## Problem description
Output exactly, and only, the lines below from the one with "注意:文件查找到这里就可以停" down to the one with "如果③ 启动之后防守球员1 补防到位,那么接下来的衍生战术便能生效,③". Include both end lines and no pictures.

## Stored data
+--

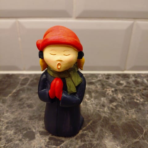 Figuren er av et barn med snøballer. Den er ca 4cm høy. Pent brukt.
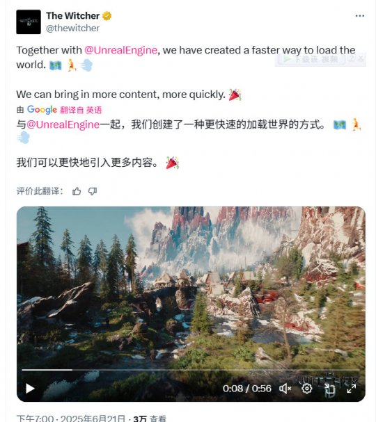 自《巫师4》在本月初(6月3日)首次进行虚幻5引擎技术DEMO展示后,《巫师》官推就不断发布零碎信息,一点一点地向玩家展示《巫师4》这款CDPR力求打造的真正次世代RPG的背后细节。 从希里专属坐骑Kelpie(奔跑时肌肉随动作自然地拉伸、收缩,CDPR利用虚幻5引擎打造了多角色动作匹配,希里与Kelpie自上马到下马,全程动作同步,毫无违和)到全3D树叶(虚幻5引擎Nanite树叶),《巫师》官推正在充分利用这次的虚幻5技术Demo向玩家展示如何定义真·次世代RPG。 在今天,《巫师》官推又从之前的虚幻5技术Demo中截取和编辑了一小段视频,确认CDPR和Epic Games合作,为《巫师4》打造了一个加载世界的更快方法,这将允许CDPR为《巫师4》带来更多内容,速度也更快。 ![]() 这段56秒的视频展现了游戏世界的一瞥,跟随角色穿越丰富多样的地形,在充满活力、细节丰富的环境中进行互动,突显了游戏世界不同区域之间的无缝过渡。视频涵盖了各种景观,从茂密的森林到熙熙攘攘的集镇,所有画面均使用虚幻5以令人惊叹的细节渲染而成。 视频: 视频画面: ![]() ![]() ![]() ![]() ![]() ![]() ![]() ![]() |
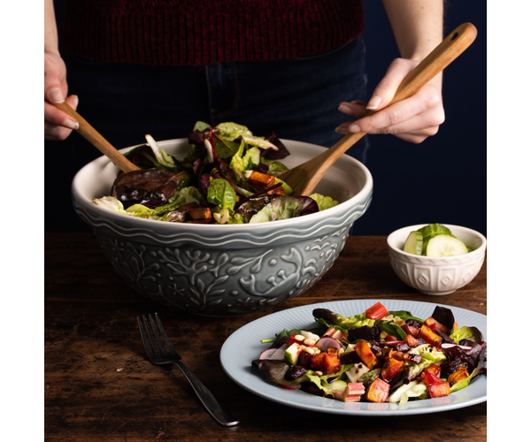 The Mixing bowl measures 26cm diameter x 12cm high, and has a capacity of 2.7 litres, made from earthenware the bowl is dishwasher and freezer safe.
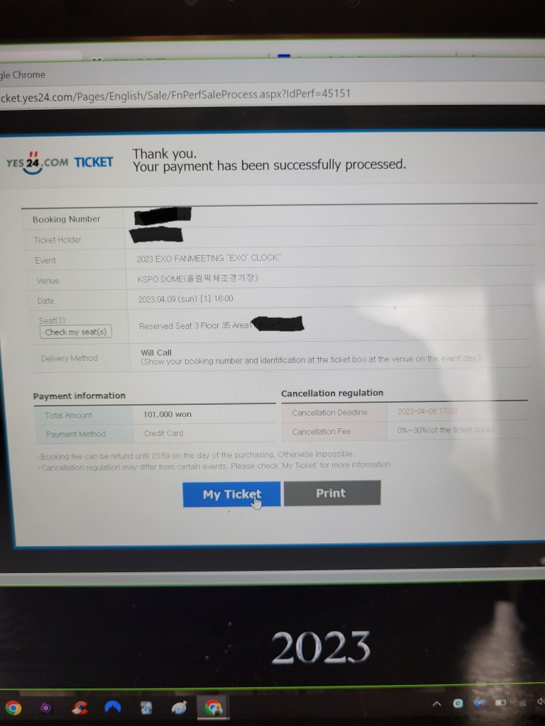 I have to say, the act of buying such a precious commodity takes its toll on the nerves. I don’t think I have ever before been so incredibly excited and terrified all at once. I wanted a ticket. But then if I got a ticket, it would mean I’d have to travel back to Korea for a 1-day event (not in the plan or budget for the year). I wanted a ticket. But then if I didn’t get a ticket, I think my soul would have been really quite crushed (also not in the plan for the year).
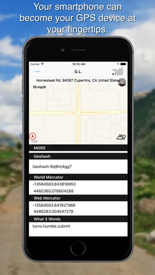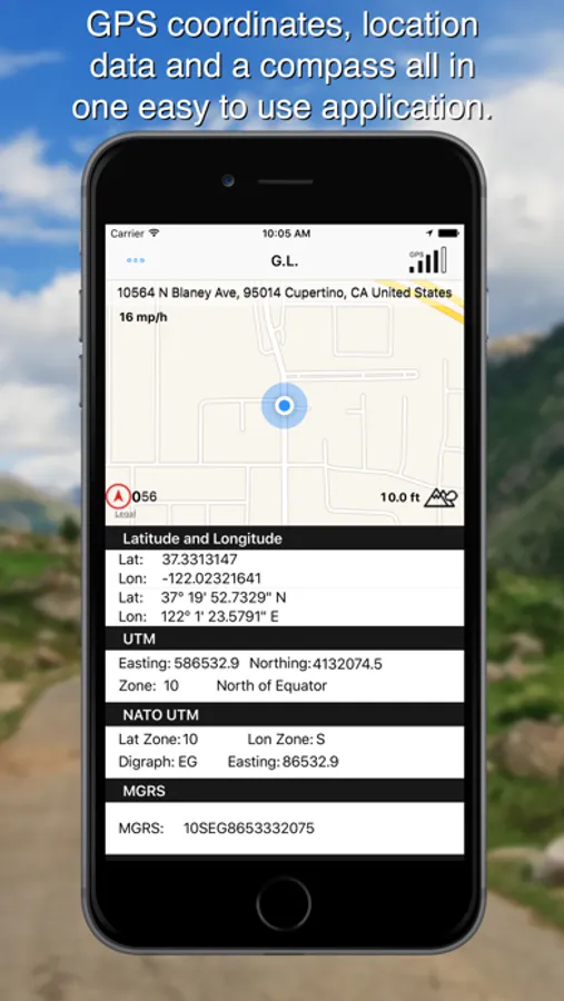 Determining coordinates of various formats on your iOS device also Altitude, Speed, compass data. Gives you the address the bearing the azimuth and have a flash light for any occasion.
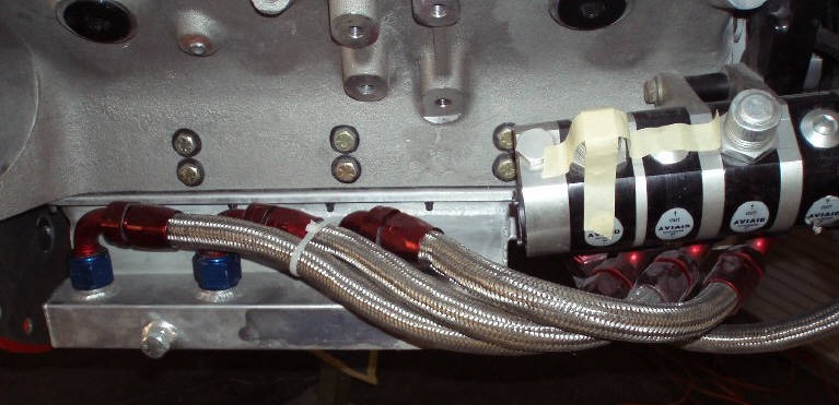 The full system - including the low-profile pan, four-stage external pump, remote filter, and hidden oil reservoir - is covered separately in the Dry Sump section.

+--

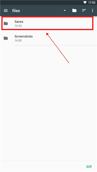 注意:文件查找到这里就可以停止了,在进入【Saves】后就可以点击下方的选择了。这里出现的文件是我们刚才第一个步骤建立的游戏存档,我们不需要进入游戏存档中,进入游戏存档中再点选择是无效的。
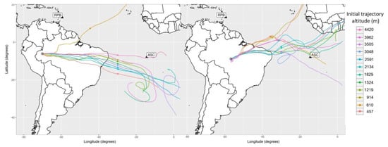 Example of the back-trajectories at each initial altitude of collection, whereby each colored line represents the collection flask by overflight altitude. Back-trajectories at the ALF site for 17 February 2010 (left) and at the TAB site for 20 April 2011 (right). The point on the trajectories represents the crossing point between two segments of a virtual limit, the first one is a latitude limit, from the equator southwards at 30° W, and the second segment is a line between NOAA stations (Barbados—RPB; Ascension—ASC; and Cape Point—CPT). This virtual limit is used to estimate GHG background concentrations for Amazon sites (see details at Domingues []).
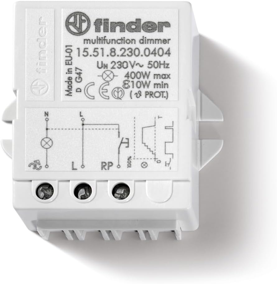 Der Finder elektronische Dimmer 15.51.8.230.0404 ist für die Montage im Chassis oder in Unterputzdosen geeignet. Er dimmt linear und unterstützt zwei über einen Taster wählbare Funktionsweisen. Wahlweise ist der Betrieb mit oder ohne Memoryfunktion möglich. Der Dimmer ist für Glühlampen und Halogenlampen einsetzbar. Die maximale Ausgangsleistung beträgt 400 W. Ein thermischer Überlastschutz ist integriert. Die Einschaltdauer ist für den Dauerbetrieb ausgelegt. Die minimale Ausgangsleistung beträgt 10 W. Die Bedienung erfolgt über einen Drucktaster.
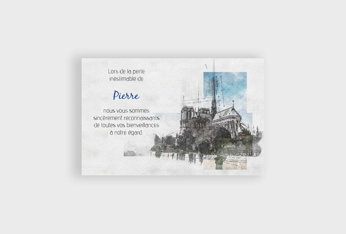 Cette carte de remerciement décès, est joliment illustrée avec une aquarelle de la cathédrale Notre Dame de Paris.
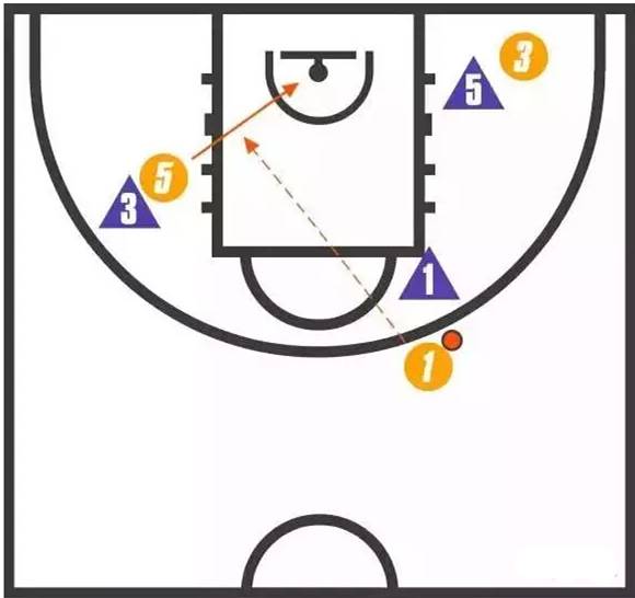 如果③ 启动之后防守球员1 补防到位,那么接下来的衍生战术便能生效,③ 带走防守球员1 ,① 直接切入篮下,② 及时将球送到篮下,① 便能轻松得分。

+--

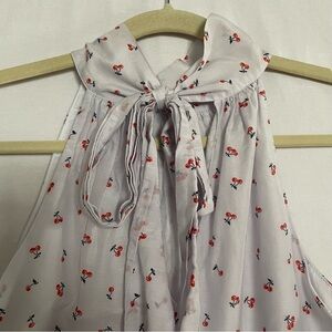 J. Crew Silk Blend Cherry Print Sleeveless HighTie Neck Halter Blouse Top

+--

## Completed exercise
 注意:文件查找到这里就可以停止了,在进入【Saves】后就可以点击下方的选择了。这里出现的文件是我们刚才第一个步骤建立的游戏存档,我们不需要进入游戏存档中,进入游戏存档中再点选择是无效的。
 Example of the back-trajectories at each initial altitude of collection, whereby each colored line represents the collection flask by overflight altitude. Back-trajectories at the ALF site for 17 February 2010 (left) and at the TAB site for 20 April 2011 (right). The point on the trajectories represents the crossing point between two segments of a virtual limit, the first one is a latitude limit, from the equator southwards at 30° W, and the second segment is a line between NOAA stations (Barbados—RPB; Ascension—ASC; and Cape Point—CPT). This virtual limit is used to estimate GHG background concentrations for Amazon sites (see details at Domingues []).
 Der Finder elektronische Dimmer 15.51.8.230.0404 ist für die Montage im Chassis oder in Unterputzdosen geeignet. Er dimmt linear und unterstützt zwei über einen Taster wählbare Funktionsweisen. Wahlweise ist der Betrieb mit oder ohne Memoryfunktion möglich. Der Dimmer ist für Glühlampen und Halogenlampen einsetzbar. Die maximale Ausgangsleistung beträgt 400 W. Ein thermischer Überlastschutz ist integriert. Die Einschaltdauer ist für den Dauerbetrieb ausgelegt. Die minimale Ausgangsleistung beträgt 10 W. Die Bedienung erfolgt über einen Drucktaster.
 Cette carte de remerciement décès, est joliment illustrée avec une aquarelle de la cathédrale Notre Dame de Paris.
 如果③ 启动之后防守球员1 补防到位,那么接下来的衍生战术便能生效,③ 带走防守球员1 ,① 直接切入篮下,② 及时将球送到篮下,① 便能轻松得分。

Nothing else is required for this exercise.